Exercise: From the line containing "Teherautó, munkagépes, kampós/markolós, lend., 2" to the last line of the data, both included, transcribe each line exactly, leaving out pictures and adding nothing.
--- Information shown ---
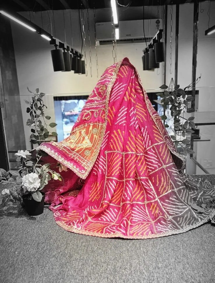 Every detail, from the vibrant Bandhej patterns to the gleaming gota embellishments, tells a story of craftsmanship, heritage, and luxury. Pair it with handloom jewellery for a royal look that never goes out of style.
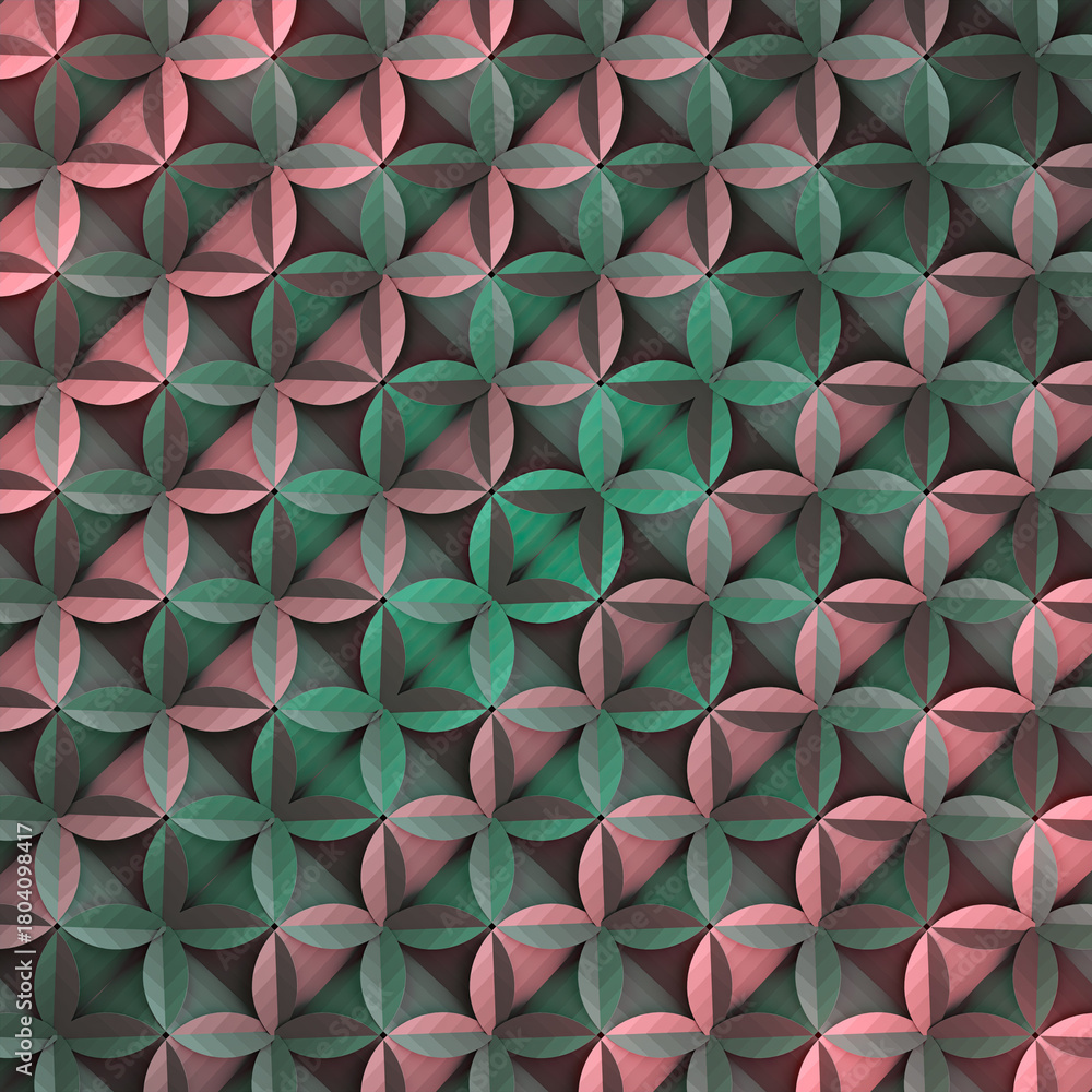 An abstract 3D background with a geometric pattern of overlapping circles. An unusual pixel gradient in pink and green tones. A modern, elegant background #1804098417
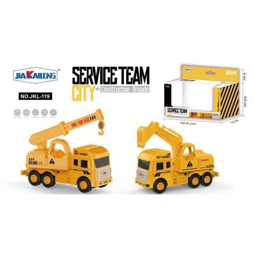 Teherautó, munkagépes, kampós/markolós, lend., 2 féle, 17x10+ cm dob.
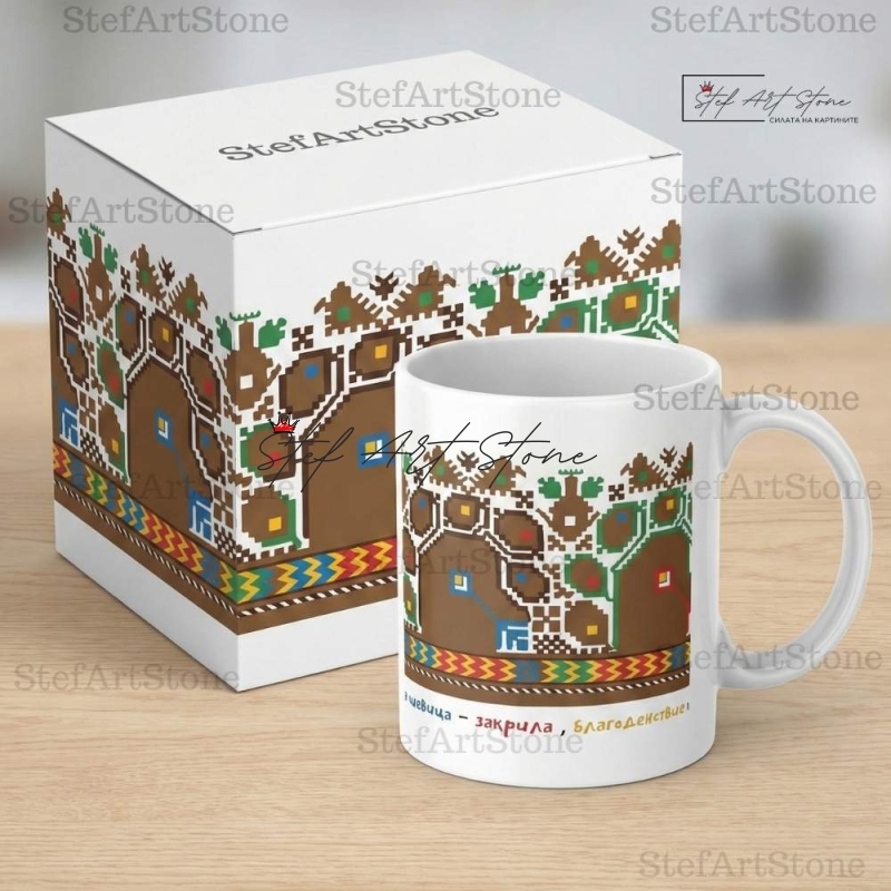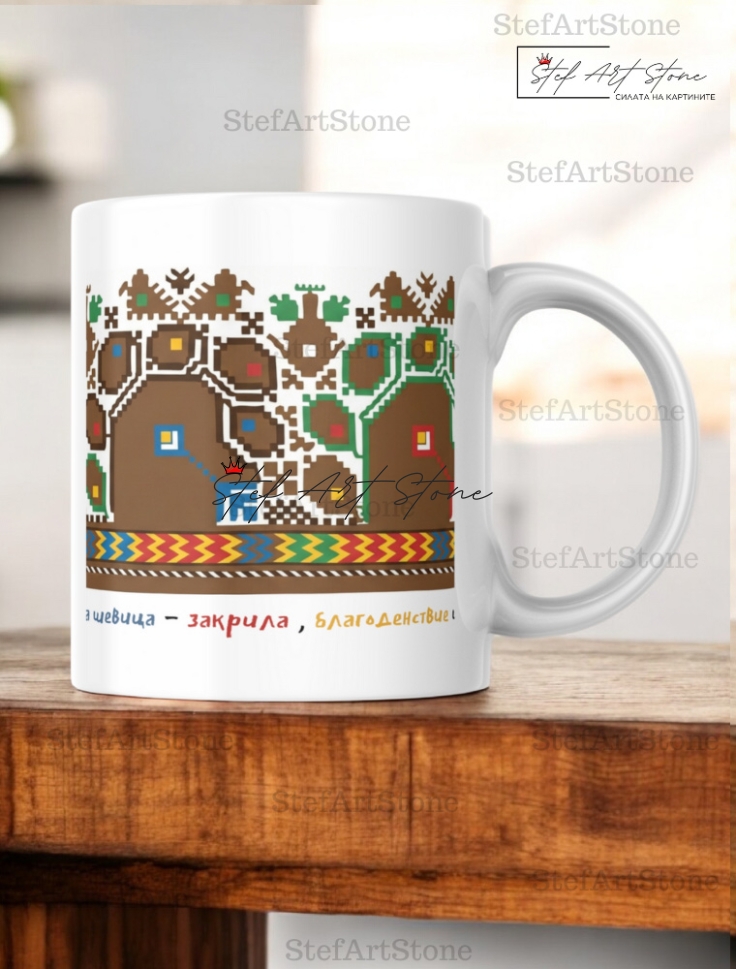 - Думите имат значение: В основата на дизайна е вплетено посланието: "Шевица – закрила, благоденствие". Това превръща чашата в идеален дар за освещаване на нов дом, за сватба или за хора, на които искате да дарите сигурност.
---
Solution for this exercise:
 Teherautó, munkagépes, kampós/markolós, lend., 2 féle, 17x10+ cm dob.
 - Думите имат значение: В основата на дизайна е вплетено посланието: "Шевица – закрила, благоденствие". Това превръща чашата в идеален дар за освещаване на нов дом, за сватба или за хора, на които искате да дарите сигурност.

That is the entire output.